Однако, обеспечив уверенный прогресс технологий, экономики и общества в целом за счет прорыва в области философии и фундаментальной науки, немецкая аристократия не смогла удержать взятого темпа не только из-за конкуренции со стороны других великих держав, но прежде всего по сугубо внутренним причинам: она так и не смогла создать устойчивый и постоянно действующий механизм постоянного стимулирования и контроля качества развития науки, без которого та неизбежно загнивает.
В результате последовательное развитие промышленности обеспечило повышение влиятельности крупной буржуазии (по своей природе ориентированной лишь на прибыль) и вытеснение ею из управляющей элиты аристократии, способной к работе на стратегическую перспективу [19] и, соответственно, к развитию фундаментальной науки.
После сокрушительного поражения в Первой мировой войне в Германии окончательно возобладала либеральная идеология, обеспечивающая её стратегическое подчинение англосаксам. Власть в Веймарской республике перешла к крупной буржуазии (которую спасли от коммунистов эффективно подавившие народные восстания социал-демократы, с гордостью звавшие себя «кровавыми собаками» крупного капитала), однако она даже теоретически не имела возможности справиться с кризисом, усугубленным репарациями и Великой депрессией, – в том числе и из-за своей органической неспособности организовывать развитие фундаментальной науки и, соответственно, технологический прогресс.

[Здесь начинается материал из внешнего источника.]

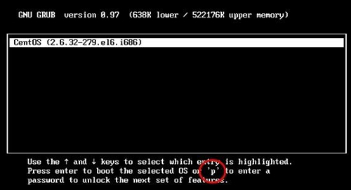 注意到了吗?在 GRUB 界面中已经看不到"e"键了,必须输入"p"键,并输入正确的密码才能进入编辑界面。但是这样加密,在启动 CentOS 时,是不需要密码就能正常启动的。如果既需要 GRUB 的整体加密,又需要系统启动时输入正确的密码,应该怎么做呢?
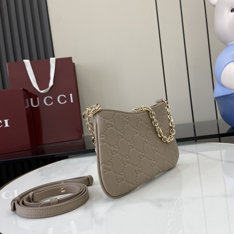Uusi GG Emblem -kokoelma tulkitsee uudelleen brändin ajattoman eleganssin ja käsityötaidon. Tämä superminilaukku tulkitsee uudelleen brändin uuden pienet lisävarustesarjat ja on valmistettu klassisesta GG-rakeisesta nahasta. Malli on huolellisesti sovitettu ketjun olkahihnan kanssa, ja mukana tulee säädettävä nahkainen olkahihna.
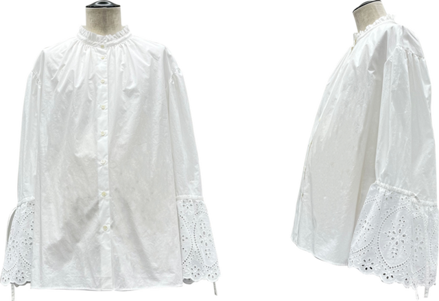 一枚で着映えしつつ、様々な着こなしができるアイテムをつくりたいと考え、エンブロイダリーレースのオールシーズン着られるブラウスとドレスをつくりました。
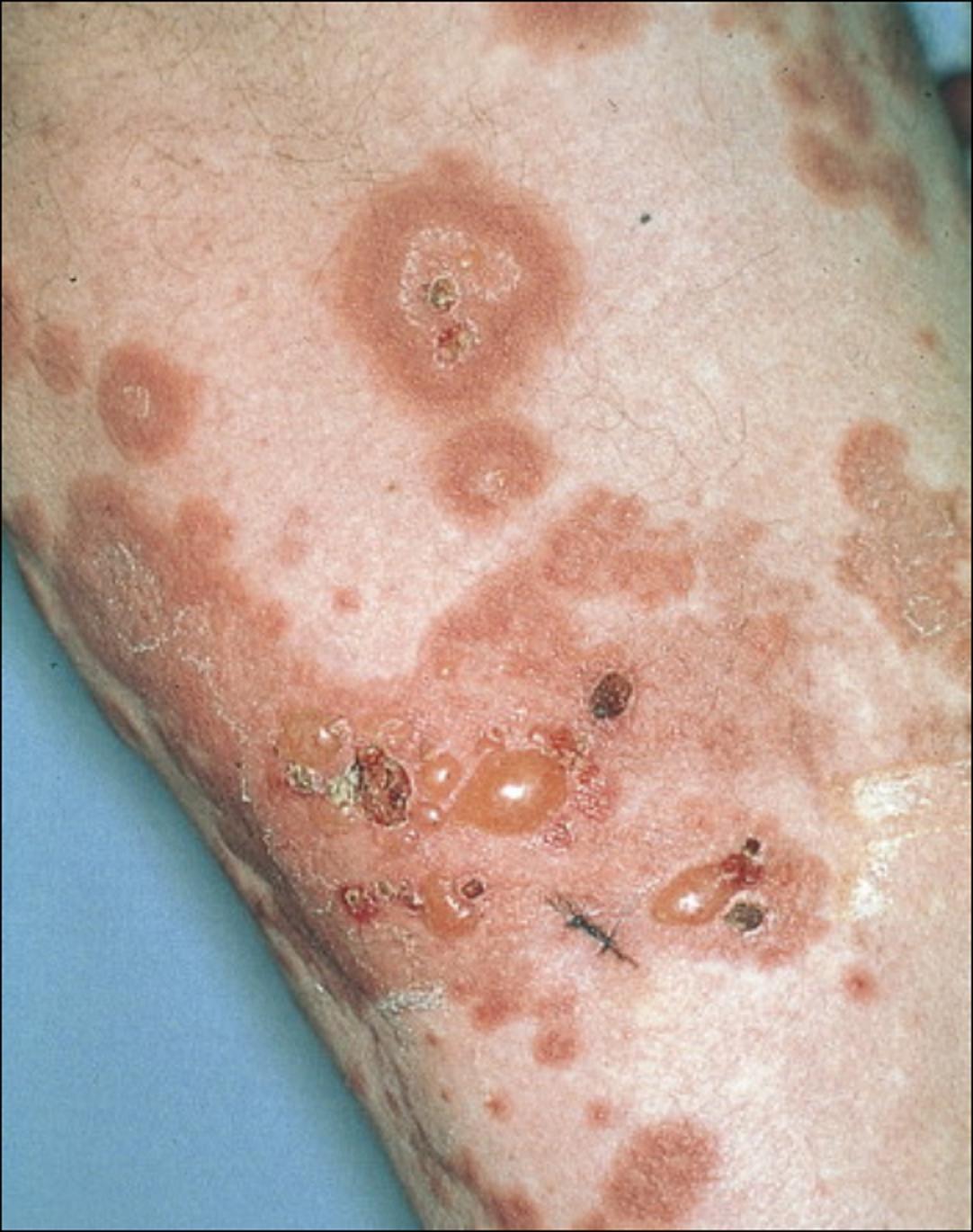 toxidermie bulleuse, érythème polymorphe bulleux, pemphygoïde cicatricielle ou pemphigus
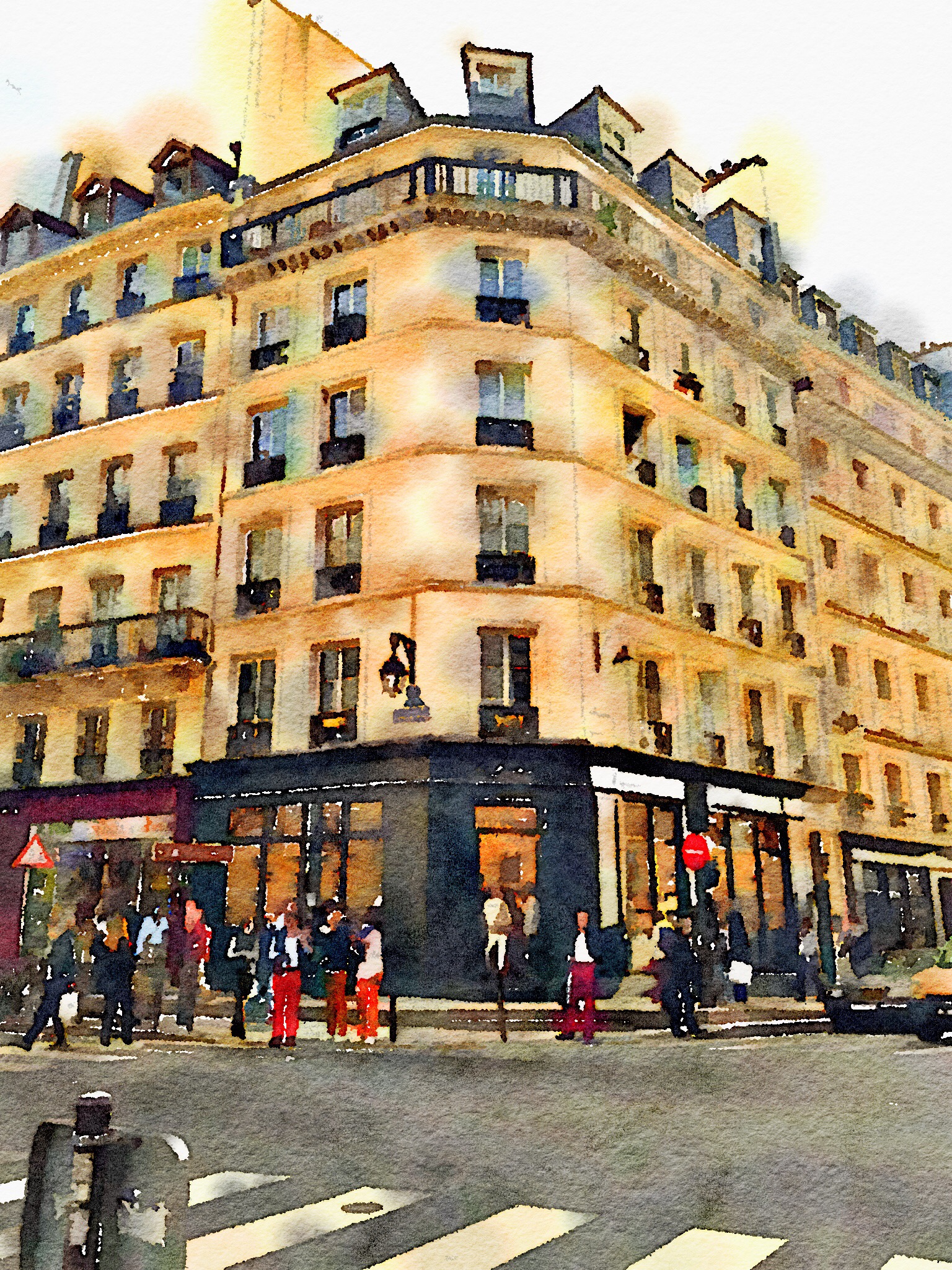 I also turned quite a few buildings around to face the viewer like Carnavalet and the Jewish école (school) on Francois Miron.

В этих условиях технологически обусловленное доминирование крупной промышленности объективно требовало централизованного управления экономикой. Колониальный в отношении относительно слабых стран и народов либерализм совершенно очевидно означал продолжение обнищания и гарантированную гибель, и поэтому повторное восстание против него Германии было объективно обусловлено (даже без учета убийственных по своим масштабам репараций и в целом условий Версальского мира, которые не оставляли современникам ни тени сомнений в абсолютной неизбежности следующей мировой войны) [89] .
89
Объективная историческая неизбежность этого восстания и восстановления Германии как реальной силы в том или ином виде была очевидной настолько, что Франция начала строительство крайне дорогостоящей линии Мажино, призванной защитить её от нападения Германии, ещё в 1928 году, когда невозможно было представить себе не только приход Гитлера к власти, но даже и Великую депрессию. Проработка же конкретных механизмов защиты от Германии была начата французским государством и вовсе в 1919 году – немедленно после подписания Версальского мирного договора, формально завершившего Первую мировую войну.

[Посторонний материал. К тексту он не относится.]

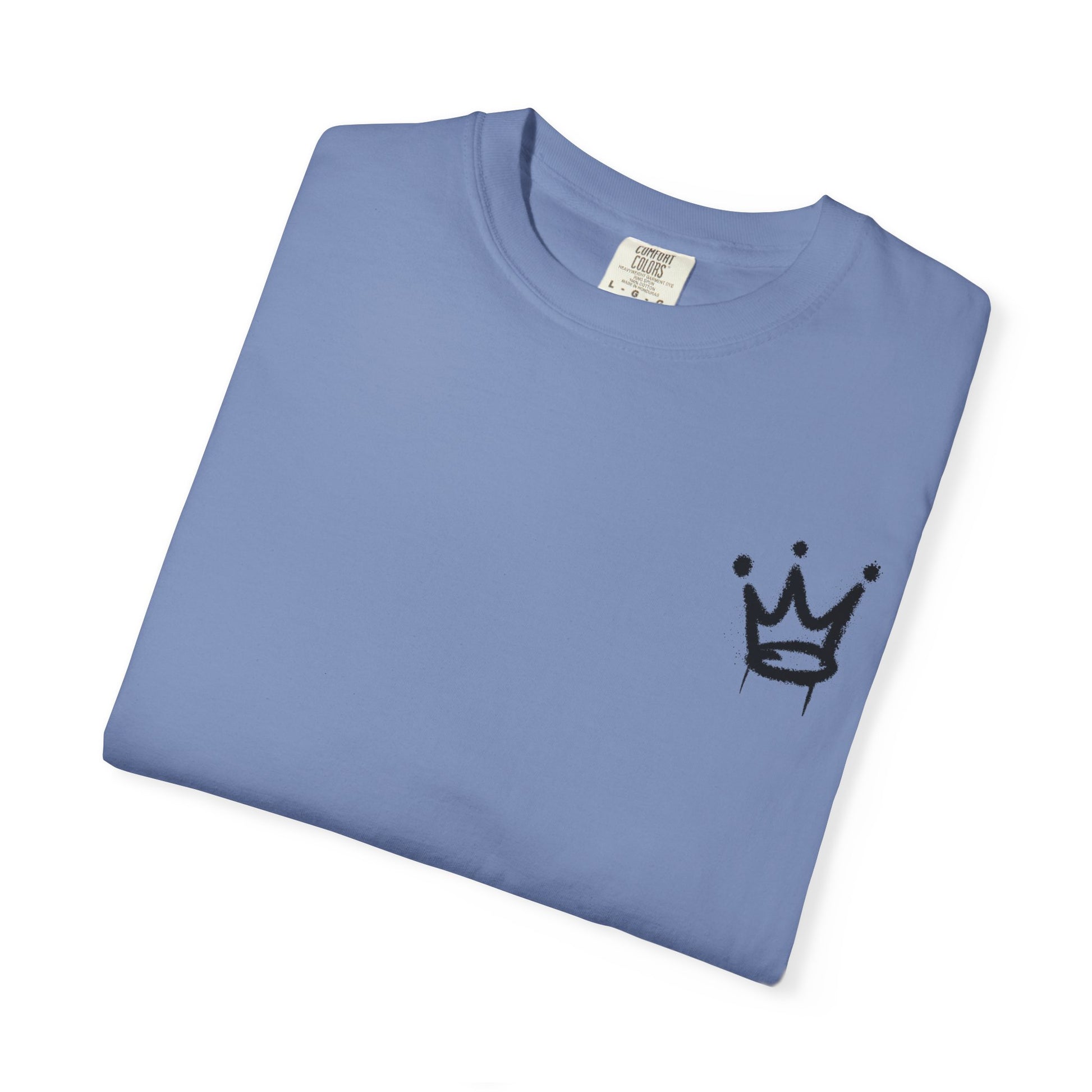 A relaxed, garment-dyed tee that feels lived-in from the first wear. The soft, broken-in cotton carries a minimalist, hand-drawn crown on the chest and a bold pair of tumbling dice across the back — small details that speak to playful confidence and nights that blur luck with skill. Wear it to keep things casual but expressive: layered under a jacket for a bar night, thrown on for a long drive, or worn around the table when the stakes are friendly and high. The muted, dyed color and tubular knit give the shirt an understated, vintage vibe that ages beautifully with every wash and adventure.
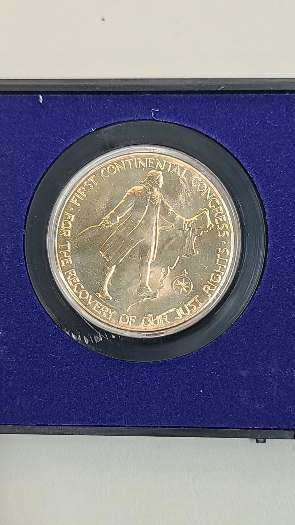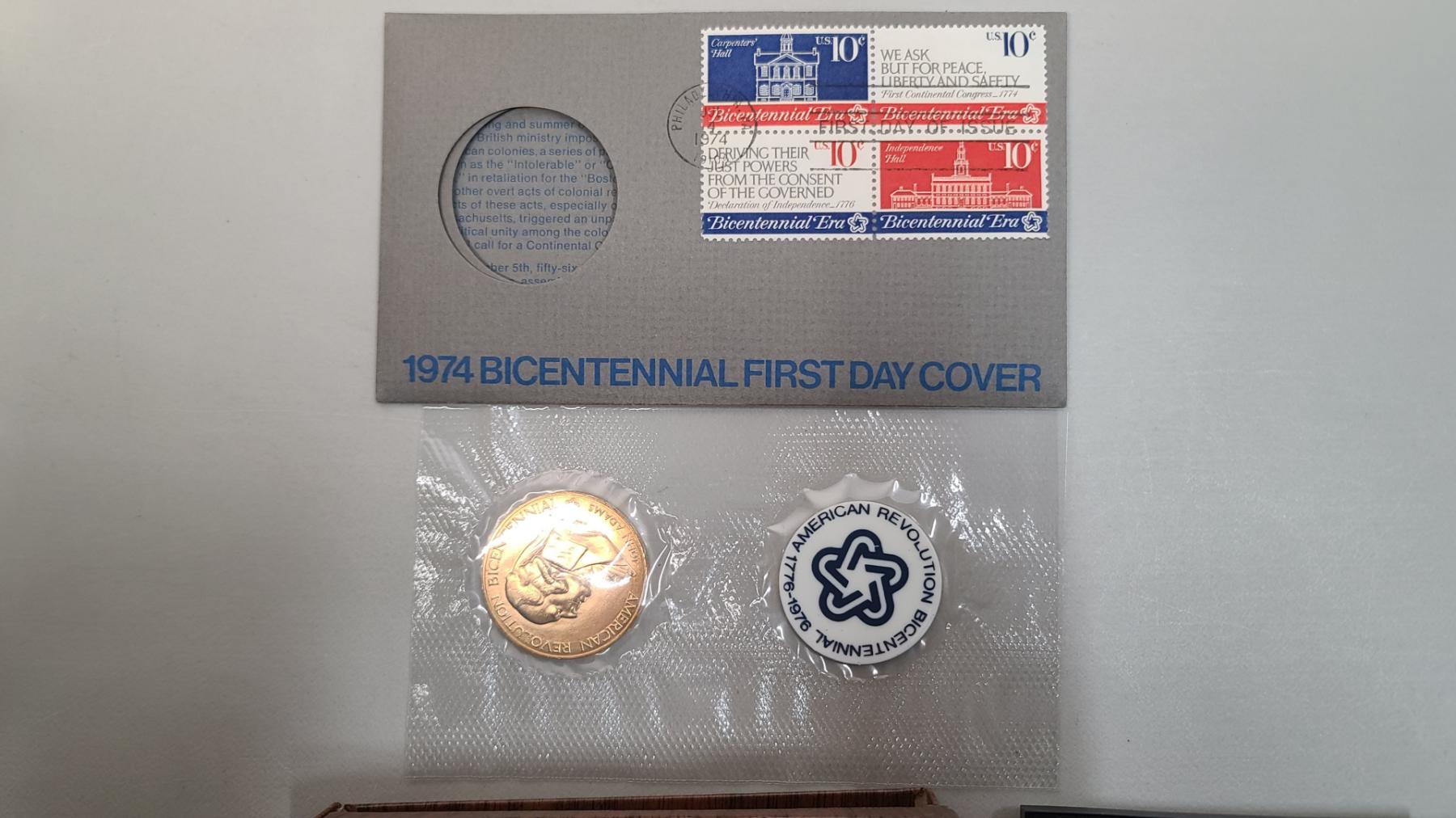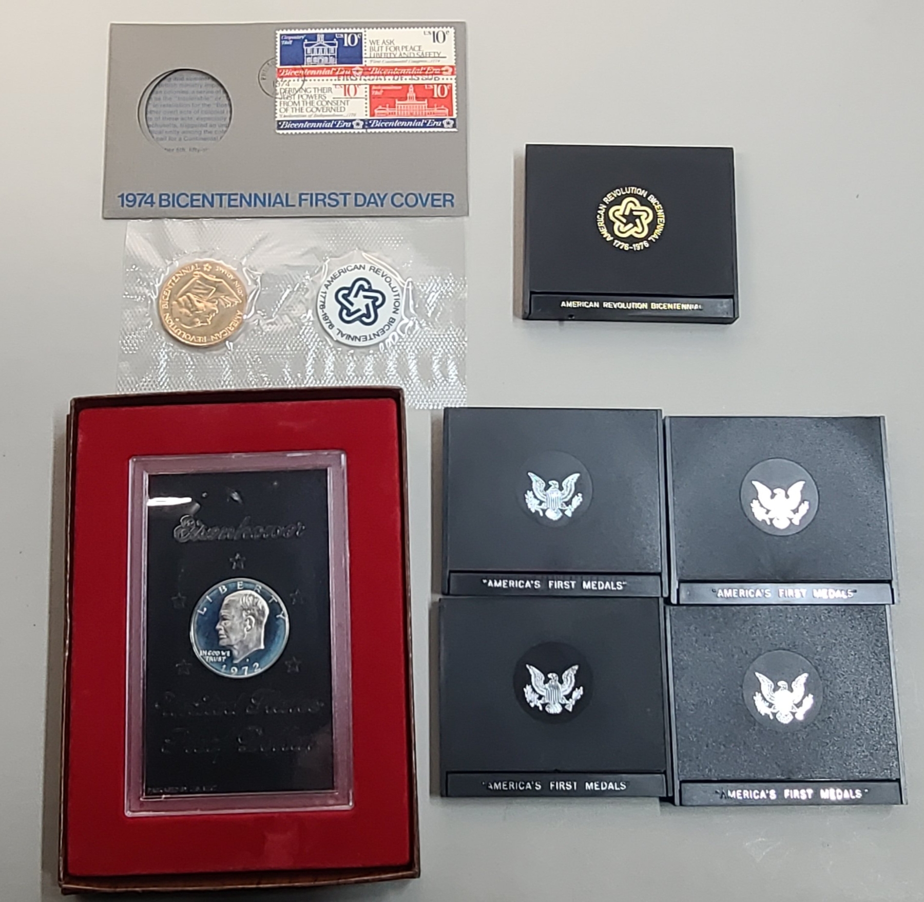 1972-S Eisenhower Uncirculated Silver Dollar Proof Coin, 1974 Bicentennial First Day Cover Medal, American Revolution Bicentennial Commemorative Medal & (4) America's First Medals

Однако – и это принципиально важно – Англия, длительное время будучи главным историческим соперником, в первую очередь именно ради успеха в борьбе с которым и создавались новые философия и организация фундаментальной науки в целом, уже в силу этого становилась для немецкой управленческой и интеллектуальной элиты привычным примером для подражания, надежным источником гарантированно лучших, проверенных практикой образцов, к которым следует постоянно стремиться.
Глубочайшее и всеобъемлющее влияние, вызванное этим положением Англии, на формально отрицающие её и даже прямо враждебные ей общественные силы Германии, невозможно переоценить; более всего оно напоминает многократно описанную психологами завораживающую и гипнотизирующую власть авторитета [274].